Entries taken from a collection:
====================

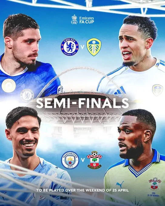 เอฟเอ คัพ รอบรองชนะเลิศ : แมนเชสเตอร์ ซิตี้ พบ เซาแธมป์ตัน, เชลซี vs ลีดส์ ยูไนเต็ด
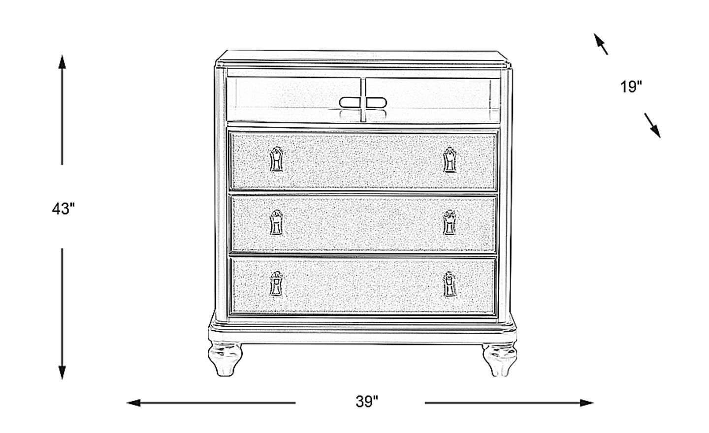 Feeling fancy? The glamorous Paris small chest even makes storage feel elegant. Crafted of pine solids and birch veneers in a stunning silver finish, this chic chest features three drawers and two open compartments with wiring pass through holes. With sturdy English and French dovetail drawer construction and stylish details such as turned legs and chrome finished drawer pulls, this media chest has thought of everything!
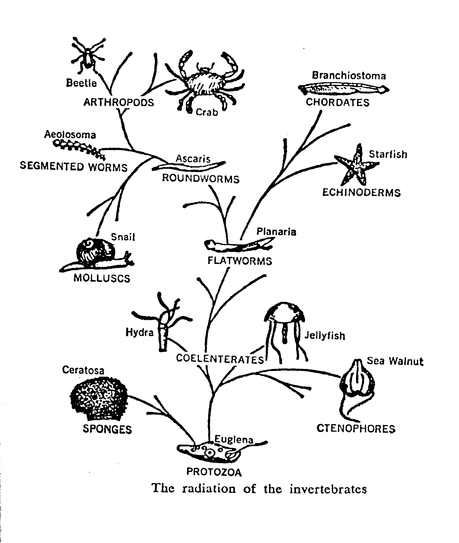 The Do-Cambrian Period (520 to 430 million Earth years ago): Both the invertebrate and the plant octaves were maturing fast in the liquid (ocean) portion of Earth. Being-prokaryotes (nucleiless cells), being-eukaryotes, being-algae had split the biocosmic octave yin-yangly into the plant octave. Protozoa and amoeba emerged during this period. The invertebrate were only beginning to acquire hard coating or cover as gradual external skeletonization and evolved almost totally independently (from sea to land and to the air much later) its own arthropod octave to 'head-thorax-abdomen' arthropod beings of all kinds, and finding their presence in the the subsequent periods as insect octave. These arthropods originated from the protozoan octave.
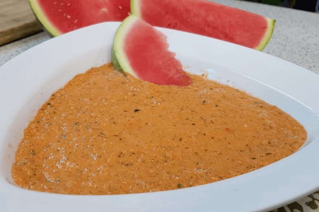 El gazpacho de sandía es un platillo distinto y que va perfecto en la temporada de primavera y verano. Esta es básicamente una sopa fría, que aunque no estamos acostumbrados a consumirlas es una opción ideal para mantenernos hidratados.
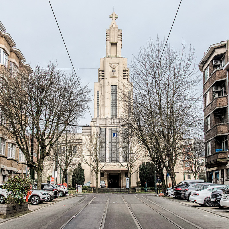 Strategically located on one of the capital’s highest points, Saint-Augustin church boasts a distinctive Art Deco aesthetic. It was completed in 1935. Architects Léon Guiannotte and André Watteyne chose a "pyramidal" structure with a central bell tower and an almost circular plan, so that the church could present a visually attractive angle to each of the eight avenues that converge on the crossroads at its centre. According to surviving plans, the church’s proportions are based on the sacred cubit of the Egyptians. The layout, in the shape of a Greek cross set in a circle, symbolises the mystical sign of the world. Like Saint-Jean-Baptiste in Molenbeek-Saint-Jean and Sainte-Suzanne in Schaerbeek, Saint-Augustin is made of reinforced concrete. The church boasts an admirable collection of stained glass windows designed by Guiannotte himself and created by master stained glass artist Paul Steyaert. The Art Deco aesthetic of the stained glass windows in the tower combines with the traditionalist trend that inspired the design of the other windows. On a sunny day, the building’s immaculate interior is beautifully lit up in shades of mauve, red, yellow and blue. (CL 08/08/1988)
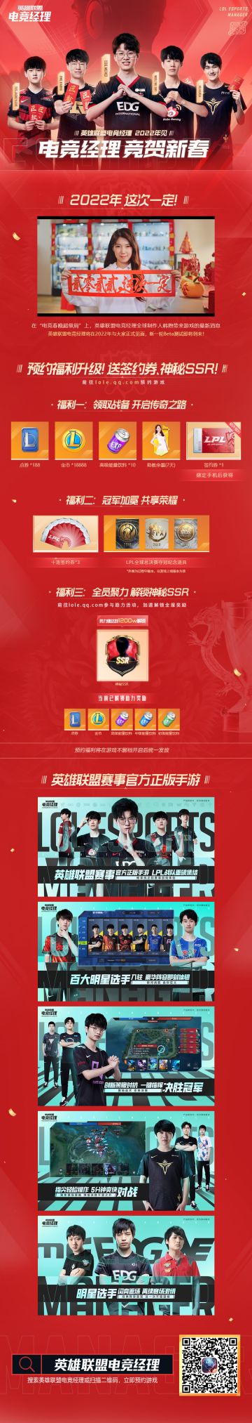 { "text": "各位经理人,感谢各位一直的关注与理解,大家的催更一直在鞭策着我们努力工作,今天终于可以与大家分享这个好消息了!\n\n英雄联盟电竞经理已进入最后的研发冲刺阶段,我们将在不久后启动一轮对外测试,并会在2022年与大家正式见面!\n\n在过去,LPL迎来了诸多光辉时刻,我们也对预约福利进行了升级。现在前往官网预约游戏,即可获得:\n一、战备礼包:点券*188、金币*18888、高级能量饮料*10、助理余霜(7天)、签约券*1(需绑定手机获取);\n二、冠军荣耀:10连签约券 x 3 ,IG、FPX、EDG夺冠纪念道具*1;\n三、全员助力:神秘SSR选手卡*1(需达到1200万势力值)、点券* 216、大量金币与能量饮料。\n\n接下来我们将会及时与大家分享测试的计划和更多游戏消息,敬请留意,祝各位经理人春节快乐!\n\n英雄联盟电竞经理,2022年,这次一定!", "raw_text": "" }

====================

■ **Problem statement**: Give every record back exactly as it reads, with no images.

■ **Written solution**:
 เอฟเอ คัพ รอบรองชนะเลิศ : แมนเชสเตอร์ ซิตี้ พบ เซาแธมป์ตัน, เชลซี vs ลีดส์ ยูไนเต็ด
 Feeling fancy? The glamorous Paris small chest even makes storage feel elegant. Crafted of pine solids and birch veneers in a stunning silver finish, this chic chest features three drawers and two open compartments with wiring pass through holes. With sturdy English and French dovetail drawer construction and stylish details such as turned legs and chrome finished drawer pulls, this media chest has thought of everything!
 The Do-Cambrian Period (520 to 430 million Earth years ago): Both the invertebrate and the plant octaves were maturing fast in the liquid (ocean) portion of Earth. Being-prokaryotes (nucleiless cells), being-eukaryotes, being-algae had split the biocosmic octave yin-yangly into the plant octave. Protozoa and amoeba emerged during this period. The invertebrate were only beginning to acquire hard coating or cover as gradual external skeletonization and evolved almost totally independently (from sea to land and to the air much later) its own arthropod octave to 'head-thorax-abdomen' arthropod beings of all kinds, and finding their presence in the the subsequent periods as insect octave. These arthropods originated from the protozoan octave.
 El gazpacho de sandía es un platillo distinto y que va perfecto en la temporada de primavera y verano. Esta es básicamente una sopa fría, que aunque no estamos acostumbrados a consumirlas es una opción ideal para mantenernos hidratados.
 Strategically located on one of the capital’s highest points, Saint-Augustin church boasts a distinctive Art Deco aesthetic. It was completed in 1935. Architects Léon Guiannotte and André Watteyne chose a "pyramidal" structure with a central bell tower and an almost circular plan, so that the church could present a visually attractive angle to each of the eight avenues that converge on the crossroads at its centre. According to surviving plans, the church’s proportions are based on the sacred cubit of the Egyptians. The layout, in the shape of a Greek cross set in a circle, symbolises the mystical sign of the world. Like Saint-Jean-Baptiste in Molenbeek-Saint-Jean and Sainte-Suzanne in Schaerbeek, Saint-Augustin is made of reinforced concrete. The church boasts an admirable collection of stained glass windows designed by Guiannotte himself and created by master stained glass artist Paul Steyaert. The Art Deco aesthetic of the stained glass windows in the tower combines with the traditionalist trend that inspired the design of the other windows. On a sunny day, the building’s immaculate interior is beautifully lit up in shades of mauve, red, yellow and blue. (CL 08/08/1988)
 { "text": "各位经理人,感谢各位一直的关注与理解,大家的催更一直在鞭策着我们努力工作,今天终于可以与大家分享这个好消息了!\n\n英雄联盟电竞经理已进入最后的研发冲刺阶段,我们将在不久后启动一轮对外测试,并会在2022年与大家正式见面!\n\n在过去,LPL迎来了诸多光辉时刻,我们也对预约福利进行了升级。现在前往官网预约游戏,即可获得:\n一、战备礼包:点券*188、金币*18888、高级能量饮料*10、助理余霜(7天)、签约券*1(需绑定手机获取);\n二、冠军荣耀:10连签约券 x 3 ,IG、FPX、EDG夺冠纪念道具*1;\n三、全员助力:神秘SSR选手卡*1(需达到1200万势力值)、点券* 216、大量金币与能量饮料。\n\n接下来我们将会及时与大家分享测试的计划和更多游戏消息,敬请留意,祝各位经理人春节快乐!\n\n英雄联盟电竞经理,2022年,这次一定!", "raw_text": "" }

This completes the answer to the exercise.